**Goal of the exercise**
The complete listing goes into the output exactly, without its pictures.

**Supplied data**
*** Begin section ***

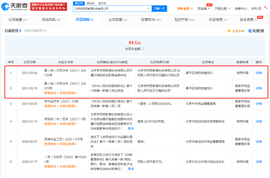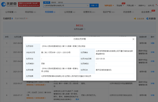 商业 学而思因不履行消防安全职责被罚2万:5月因违反消防法就曾被罚 2021-08-11 14:00:11 分享 来源:新浪财经天眼查App显示,近日,北京学而思教育科技有限公司因不履行消防安全职责逾期未改被罚款2万元,案号昌(消)行罚决字〔2021〕200129号,处罚单位为昌平区消防救援支队。值得一提的是,该公司今年5月因违反消防法,被昌平区消防救援支队罚款5万元。
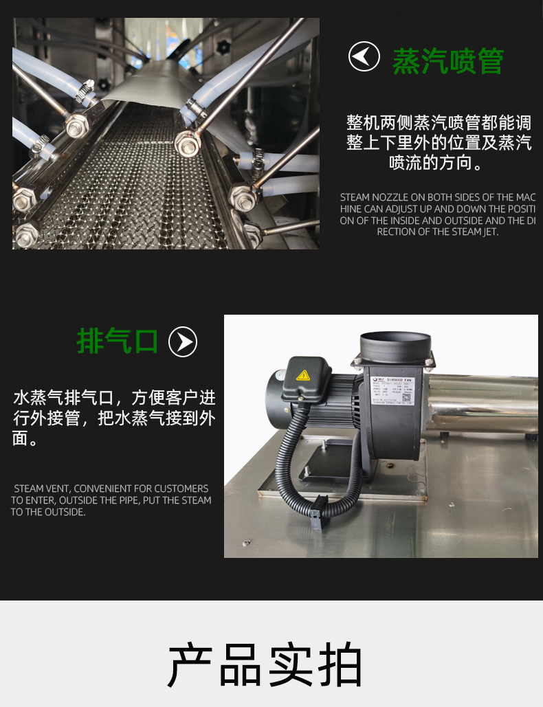 收縮速度快:蒸汽的高熱量能夠快速傳遞給包裝膜,使包裝膜迅速收縮,提高包裝效率,可適用于高速生產(chǎn)線,滿足大規(guī)模生產(chǎn)的需求.
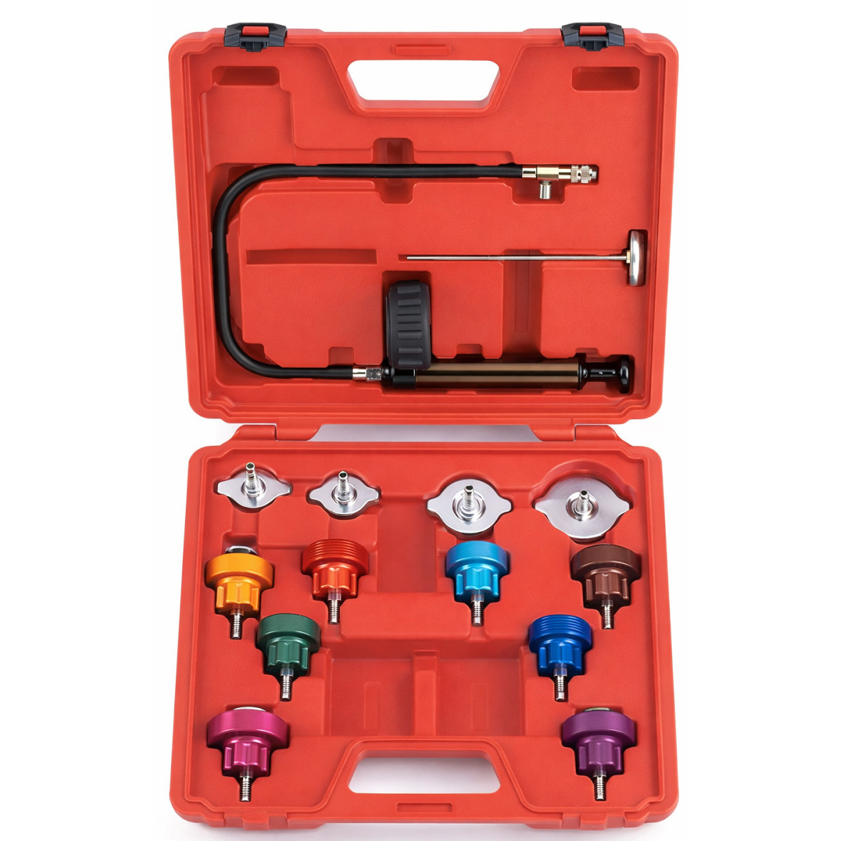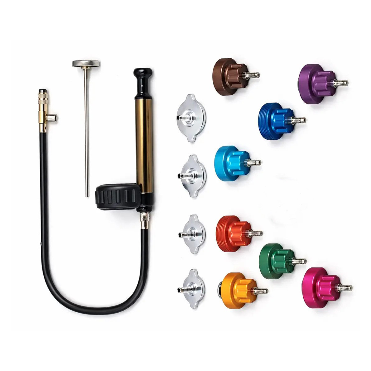 Набор предназначен для проверки герметичности системы охлаждения двигателя. Инструмент позволяет быстро обнаружить утечки в радиаторе, патрубках и соединениях системы охлаждения путем создания избыточного давления с помощью ручного насоса с манометром. После создания давления контролируются показания манометра: если они уменьшаются, это указывает на наличие утечки в системе. Набор подходит для проверки систем охлаждения бензиновых и дизельных двигателей легковых и грузовых автомобилей. Адаптеры изготовлены из анодированного алюминия, а металлический цилиндр насоса обеспечивает высокую износостойкость и долговечность инструмента.

*** End section ***

**Response**
 商业 学而思因不履行消防安全职责被罚2万:5月因违反消防法就曾被罚 2021-08-11 14:00:11 分享 来源:新浪财经天眼查App显示,近日,北京学而思教育科技有限公司因不履行消防安全职责逾期未改被罚款2万元,案号昌(消)行罚决字〔2021〕200129号,处罚单位为昌平区消防救援支队。值得一提的是,该公司今年5月因违反消防法,被昌平区消防救援支队罚款5万元。
 收縮速度快:蒸汽的高熱量能夠快速傳遞給包裝膜,使包裝膜迅速收縮,提高包裝效率,可適用于高速生產(chǎn)線,滿足大規(guī)模生產(chǎn)的需求.
 Набор предназначен для проверки герметичности системы охлаждения двигателя. Инструмент позволяет быстро обнаружить утечки в радиаторе, патрубках и соединениях системы охлаждения путем создания избыточного давления с помощью ручного насоса с манометром. После создания давления контролируются показания манометра: если они уменьшаются, это указывает на наличие утечки в системе. Набор подходит для проверки систем охлаждения бензиновых и дизельных двигателей легковых и грузовых автомобилей. Адаптеры изготовлены из анодированного алюминия, а металлический цилиндр насоса обеспечивает высокую износостойкость и долговечность инструмента.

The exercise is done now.